A team of officials from the US Food and Drug Administration (FDA) will visit India to take stock of the progress made by the domestic drug regulator in ensuring quality of drugs, a top official in the Central Drugs Standard Control Organisation said.

The visit by the US official, which begins on Wednesday, is the second in just over a year. In February last year, the FDA Commissioner Margaret Hamburg visited India following import alerts issued against all the Ranbaxy plants in India, which effectively stopped the Indian manufacturer from exporting drugs to the US.

The US FDA and its Indian counterpart had signed a statement of intent during Hamburg’s visit last year, on exchanging expertise to ensure higher levels of compliance, concerns of the regulators, training, adoption of systems and procedures and other areas.
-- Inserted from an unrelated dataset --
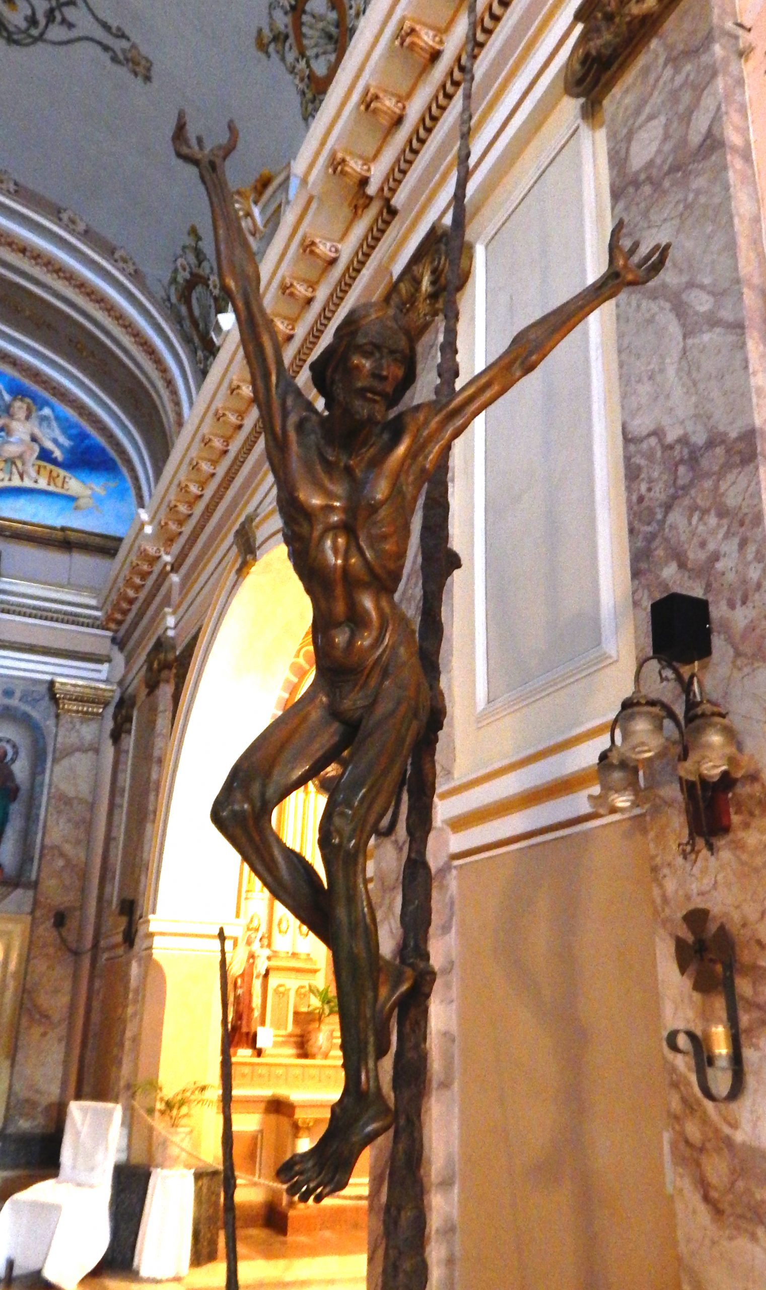 La obra de 3,8 metros de alto es fuertemente expresionista y consta de una cruz insinuada en la que un Cristo crucificado asemeja flotar en el aire con los brazos extendidos, reflejando ofrecimiento y acogimiento.

During this year’s visit, the regulators are expected to sign a memorandum of understanding on information sharing, training and such subjects, the Government official said.

The US team would comprise Howard Sklamberg, JD, Deputy Commissioner for Global Regulatory Operations and Policy, Cynthia Schnedar, JD, Director, Office of Compliance, US FDA and Michael R Taylor, JD, Deputy Commissioner for Foods and Veterinary Medicine, US FDA. The delegation is set to travel to New Delhi, Goa, Chennai and Mumbai.

The US FDA and the Indian regulator had decided, last year, to meet on a regular basis. The US FDA had also extended the offer to train Indian drug inspectors in the systems and processes used by the US regulator.

A year since the last visit a number of Indian manufacturers have still been issued warning letters by the US body, mostly on data integrity issues. Some of the manufacturers, which came under scrutiny by the US regulator in 2014 include Sun Pharmaceuticals, Cadila Pharma and Orchid Pharma.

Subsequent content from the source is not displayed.